No. Gravity does not require energy to function. And by that I mean that a book resting on a table is pulled down by gravity, but no work is done by the book and no energy is transferred anywhere. None of the four fundamental forces of nature require energy to function.
 
  • #26
The potential energy of a boulder consists of:

boulder's heat energy's potential energy
boulder's chemical energy's potential energy
boulder's nuclear energy's potential energy
boulder's electric energy's potential energy
potential energies of some other types of energies that the boulder contains


Does it sound plausible that boulder's heat energy is in the boulder, but boulder's heat energy's potential energy is somewhere outside the boulder?
 
  • #27
jartsa said:
Does it sound plausible that boulder's heat energy is in the boulder, but boulder's heat energy's potential energy is somewhere outside the boulder?

I don't even know what heat energy's potential energy is, nor why it would be outside the boulder.
 
  • #28
Drakkith said:
I don't even know what heat energy's potential energy is, nor why it would be outside the boulder.


Well how about this then:

A boulder contains heat energy, nuclear energy, chemical energy and some other types of energy. The potential energy of the boulder is proportional to the sum of these energies.

What potential energy means:

A boulder that has potential energy has an option to receive some extra energy, if the boulder moves downwards. This option is confusingly called potential energy.
 
  • #29
[Sensible] Heat (thermal) energy is kinetic, not potential.

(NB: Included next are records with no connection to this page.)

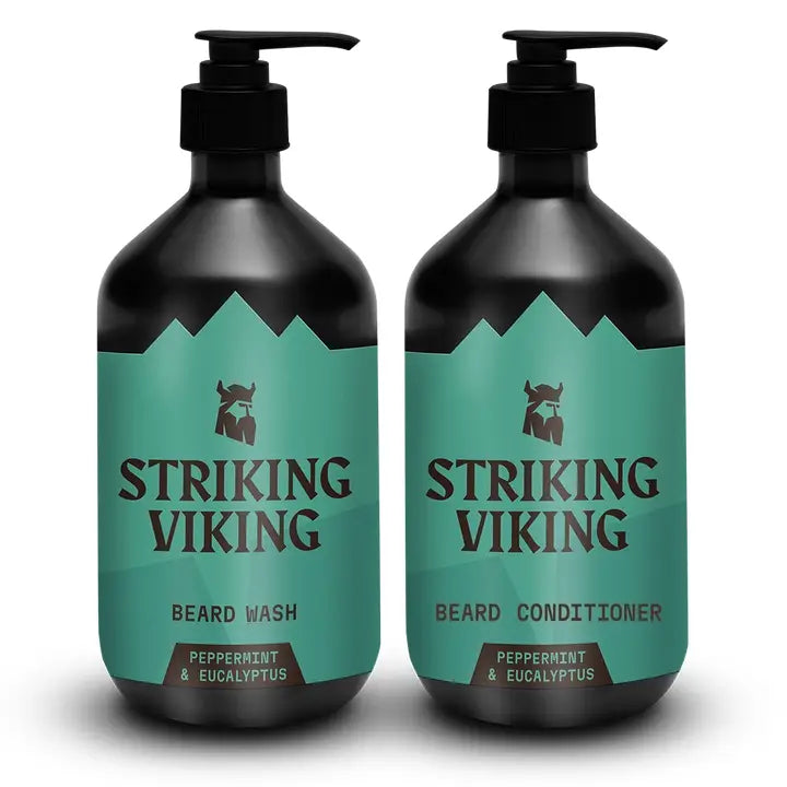 Experience a great lather and invigorating scent with the Striking Viking Beard Wash & Conditioner Set! This natural blend of peppermint and eucalyptus essential oils delivers a remarkable cleanse and condition to give you the handsome, healthy beard you deserve!
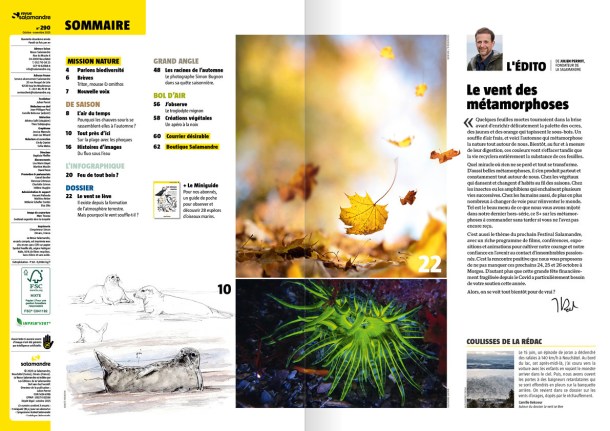 Si l’automne est arrivé avec ses couleurs flamboyantes, il est aussi l’heure de se plonger dans la nouvelle parution du magazine La Revue Salamandre (n°290), dont le titre est : « Le vent se lève ». Un numéro qui explore cet élément invisible, mais omniprésent, le grand souffle de la vie, qui ballade les oiseaux et façonne les paysages.
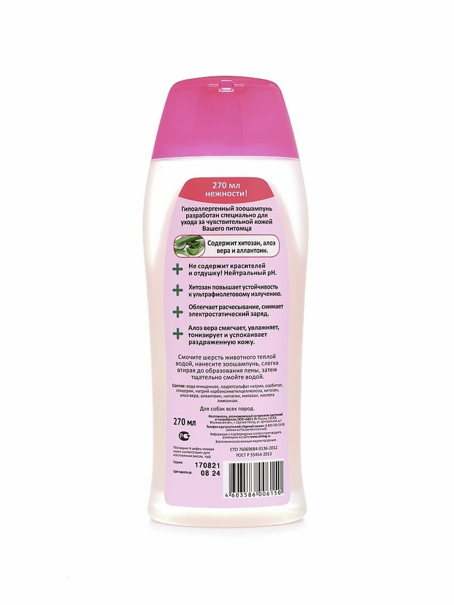 Купить Зоошампунь "нежный" гипоалергенный с хитозаном и алоэ Вера для собак, 270 мл
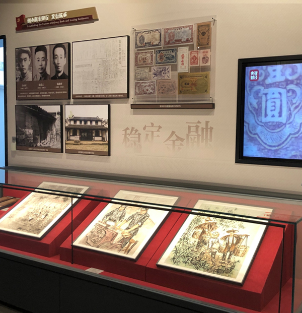 在介紹浙東銀行抗幣發(fā)行的內(nèi)容前,大家看到了在櫥窗里的三幅畫(huà),展現(xiàn)的是《浙東銀行成立》《抗幣印刷》《抗幣運(yùn)輸》,亦系作者張鐘接受市委黨史辦下達(dá)的任務(wù),于前幾年寫(xiě)實(shí)創(chuàng)作的浙東銀行系列作品之縮小件。
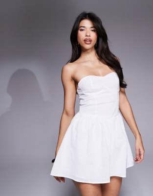 Missy Empire – Trägerloses Mini-Skaterkleid in Weiß mit Leinenoptik und Herzausschnitt
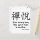 Kanji pour la joie zen avec le proverbe bouddhiste zen, "Vis tous les jours comme si tes cheveux étaient en feu".
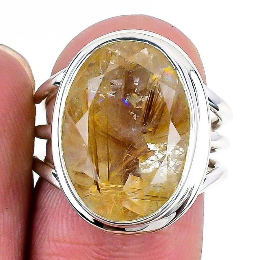 Golden Rutile Faceted Gemstone Solid Silver Unique Statement Ring Jewelry US 6.5
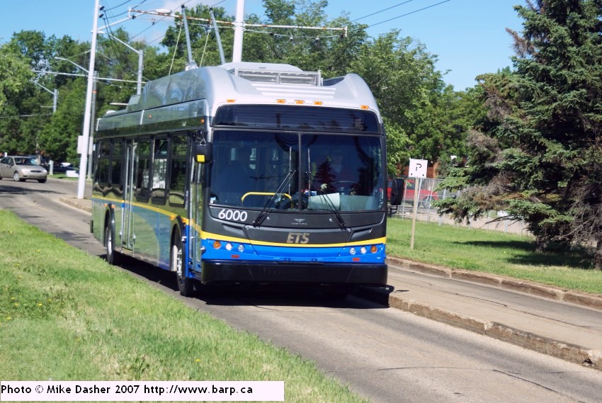 NFI LFR 6000 on test in Edmonton. The coach is on loan from Vancouver (21xx). The location appears to be on route 5. Photo by Mike Dasher. AU 2007.
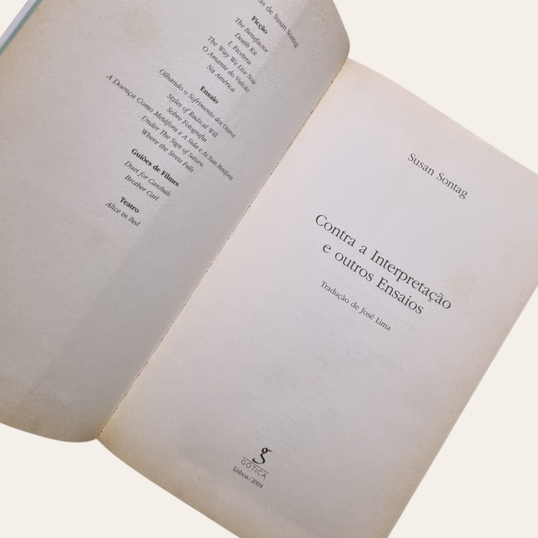 «Contra a interpretação» é um dos mais célebres ensaios de Susan Sontag e o que dá título à sua primeira coletânea de ensaios e recensões, publicada em 1966. Sobre estes escritos, Sontag observou que escrevia «com fervorosa parcialidade, acerca de problemas que […] suscitavam certas obras de arte, maioritariamente contemporâneas, de géneros diferentes: queria revelar e clarificar os pressupostos teóricos subjacentes a determinados juízos de valor e gostos». Entre eles, encontram-se «A morte da tragédia», «Notas sobre o camp», «Marat/Sade/Artaud» e «Sobre o estilo» (publicados na Partisan Review); «Os Cadernos de Camus» e «Ionesco» (New York Review of Books); «O artista como sofredor exemplar» (The Second Coming); «Uma cultura e a nova sensibilidade» (Mademoiselle); e «A imaginação da catástrofe» (Commen-tary), para nomear apenas alguns.
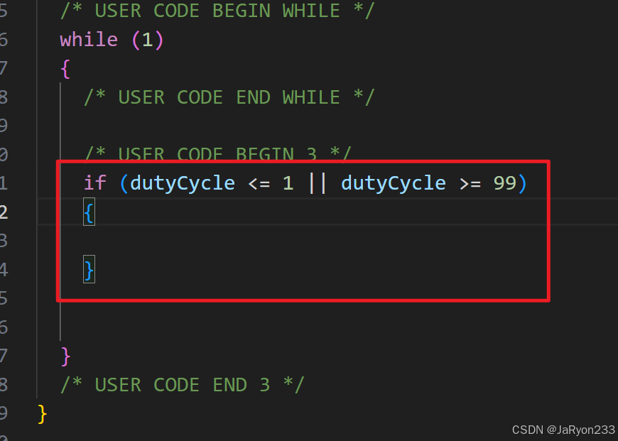 比如我初始占空比为0,此时已经不满足判断条件,因此会变成-1,此时占空比就会变成负数,显然不符合逻辑,所以自然可以想到让step初始为-1。但是这时候其实仍不能解决问题,因为占空比为0时,进入判断将step变成1后会0+1=1,此时再次判断结果又进去将step变成-1了,此时占空比又会-1变成0,然后就这样循环卡在0和1里面,这显然不行。所以最好的办法就是让占空比初始值处于1~99之间,这样就能解决该问题了。所以直接将dutyCycle初始值改为1即可。
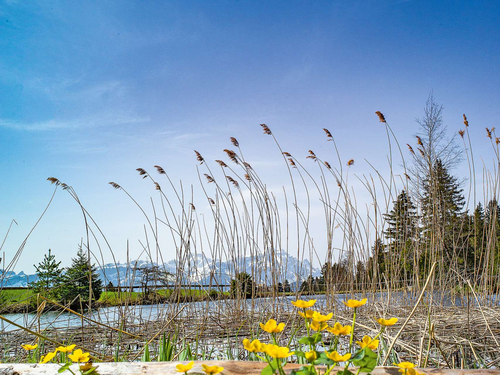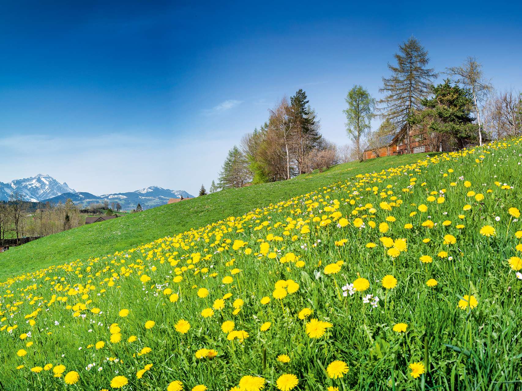 Nature has woken up, showing lush green grass, bright yellow flowers and pale pink buds. The diverse route takes the hiker east of Gais village across gravel paths, small asphalt roads, rooty forest paths, soft earth and moist reed soil. And the views from the Schwäbrig and Sommersberg mountains are fantastic. They reach from the Alpstein massif in the south via the Rhine Valley and the Vorarlberg region in the east to Lake Constance in the north.
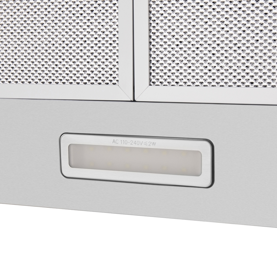 Вытяжка выполнена полностью из матированной нержавеющей стали. Большая площадь рабочей зоны, состоящей из двух многослойных жироулавливающих фильтров, позволяет эффективно захватывать загрязненный воздух на кухне большой площади (до 20 кв.м). Фильтры легко снимаются и в случае необходимости очистки полностью разбираются.
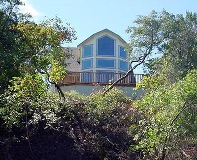Three bedroom lodge style home has a view of the lake from upstairs and backs up to a large canyon with a small creek. Rustic real wood floors upstairs, granite tile countertops, and a deck that overlooks the creek. Owner/Partner is a real estate broker.
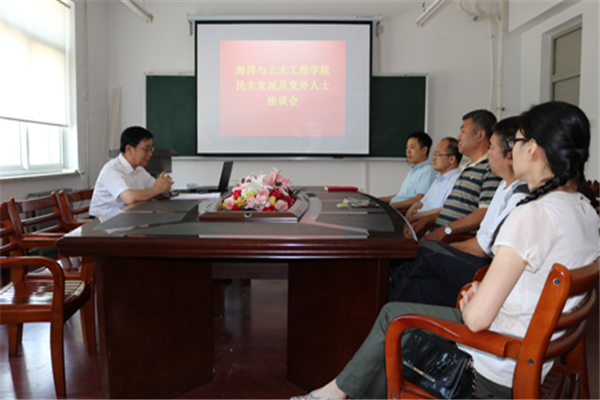 6月16日,海洋与土木工程学院在学院会议室召开民主党派及无党派人士座谈会。九三学社上官子昌、王志云、陈凤山,中国民主同盟苏健,无党派人士桂劲松参加座谈,会议由学院党总支书记周永主持。
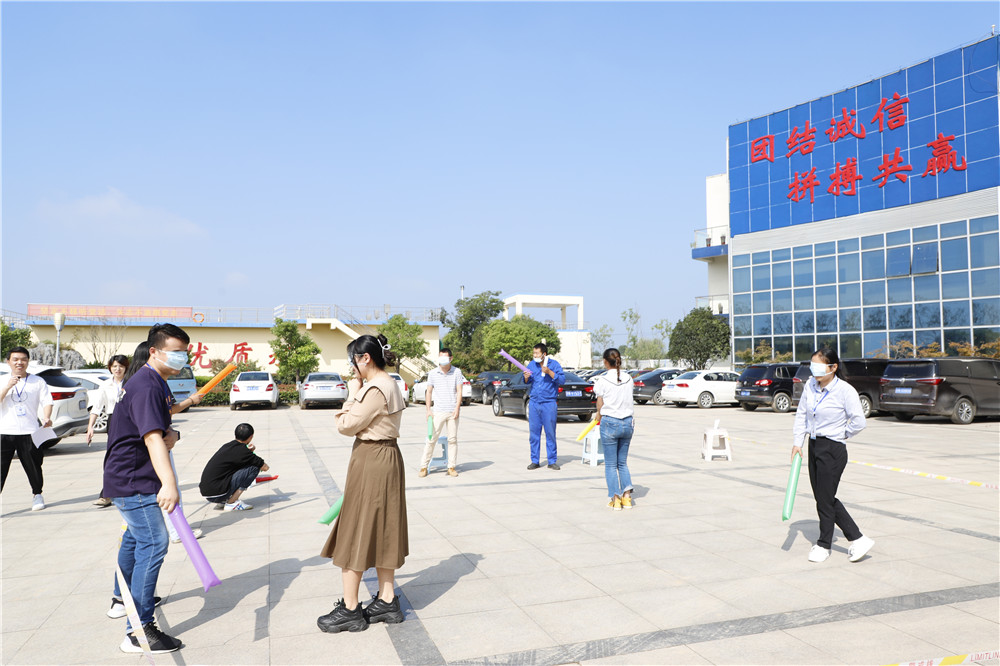 金秋時(shí)節(jié),舉國(guó)歡騰,禮贊華誕。在偉大祖國(guó)72歲生日到來之際,9月29日,聯(lián)合水務(wù)宿遷公司組織開展了一年一度的員工趣味活動(dòng)。來自公司各分公司、各部門的200多名員工參與了各項(xiàng)賽事的角逐,公司總經(jīng)理曾真、人事行政副總經(jīng)理陳少軍、宿遷聯(lián)合市政工程有限公司總經(jīng)理梁丹、客服運(yùn)營(yíng)副總經(jīng)理尹邦交、生產(chǎn)技術(shù)副總經(jīng)理趙軍等公司領(lǐng)導(dǎo)親臨現(xiàn)場(chǎng),為參賽選手們加油、助威。 行政管理部提前進(jìn)行了精心籌劃和準(zhǔn)備,從做活動(dòng)方案、甄選活動(dòng)項(xiàng)目、獎(jiǎng)品等,只為給國(guó)慶節(jié)帶來更加濃烈的喜慶氣氛、為公司全體員工帶來更多的歡樂。今年的員工趣味活動(dòng)共4個(gè)項(xiàng)目,2個(gè)趣味性極強(qiáng)、參與度廣的個(gè)人項(xiàng)目投飛鏢和蒙眼打棒球以及雙人項(xiàng)目踩氣球和傳統(tǒng)項(xiàng)目拔河。上午舉行的是單人項(xiàng)目投飛鏢和蒙眼打棒球,下午舉行的是踩氣球和拔河,活動(dòng)主場(chǎng)安排在辦公樓前廣場(chǎng),大紅燈籠高高掛,火紅的橫幅拉起來,國(guó)慶節(jié)氛圍營(yíng)造,讓人激情澎湃,辦公樓上“團(tuán)結(jié)、誠(chéng)信、拼搏、共贏”的企業(yè)精神催人奮進(jìn)。 上午9:00,秋意正濃,神清氣爽,活動(dòng)正式拉開序幕。第一個(gè)項(xiàng)目是單人項(xiàng)目投飛鏢。參賽選手不分男女,投鏢距離3米,每人投3次,三次成績(jī)累計(jì)為個(gè)人總成績(jī)。由于報(bào)名人數(shù)眾多,比賽分兩個(gè)隊(duì)同時(shí)進(jìn)行,大家秩序井然,高手每一次投擲都直逼靶心,引來掌聲不斷;也不乏投偏、投歪的,任他做足準(zhǔn)備,竟難中一環(huán),那飛鏢就是不聽使喚,七拐八彎就是不往靶上去,有恨恨地飛到樹上的,也有直飛入草坪的,引來陣陣哄笑,好不熱鬧。最終,洋河服務(wù)中心的仇實(shí)以27環(huán)的總成績(jī)摘得該項(xiàng)目桂冠。

Also, it appears that you wrongly think potential energy isn't real energy.
 
  • #30
jartsa said:
A boulder that has potential energy has an option to receive some extra energy, if the boulder moves downwards.
Where does that "extra energy" come from, that the boulder receives?
 
  • #31
russ_watters said:
[Sensible] Heat (thermal) energy is kinetic, not potential.

Also, it appears that you wrongly think potential energy isn't real energy.

In sentence "boulder has potential energy" "boulder" is a thing that has potential energy.

In sentence "heat energy has potential energy" "heat energy" is a thing that has potential energy.
 
  • #32
A.T. said:
Where does that "extra energy" come from, that the boulder receives?


The increasing kinetic energy of a falling object comes from the gravity field.
 
  • #33
russ_watters said:
It is typically defined to be zero, but it doesn't have to be.
Strictly speaking the zero of potential energy is taken to be at infinity. This is the only position where no work needs to be done to raise a mass.
Sea level is convenient, we all use it but it is not universal.
 
  • #34
technician said:
Strictly speaking the zero of potential energy is taken to be at infinity. This is the only position where no work needs to be done to raise a mass.
Sea level is convenient, we all use it but it is not universal.

The choice of the zero point of potential energy is always arbitrary. The "zero at infinity" convention is every bit as arbitrary and chosen for convenience as are the "zero at sea level" and "zero at ground level" conventions; it is no more special than any other zero point convention.
 
  • #35
jartsa said:
The increasing kinetic energy of a falling object comes from the gravity field.

And what is the gravity field giving up, such that we still have conservation of energy? That's a rhetorical question - if you consider the answer you'll probably find the flaw in this statement.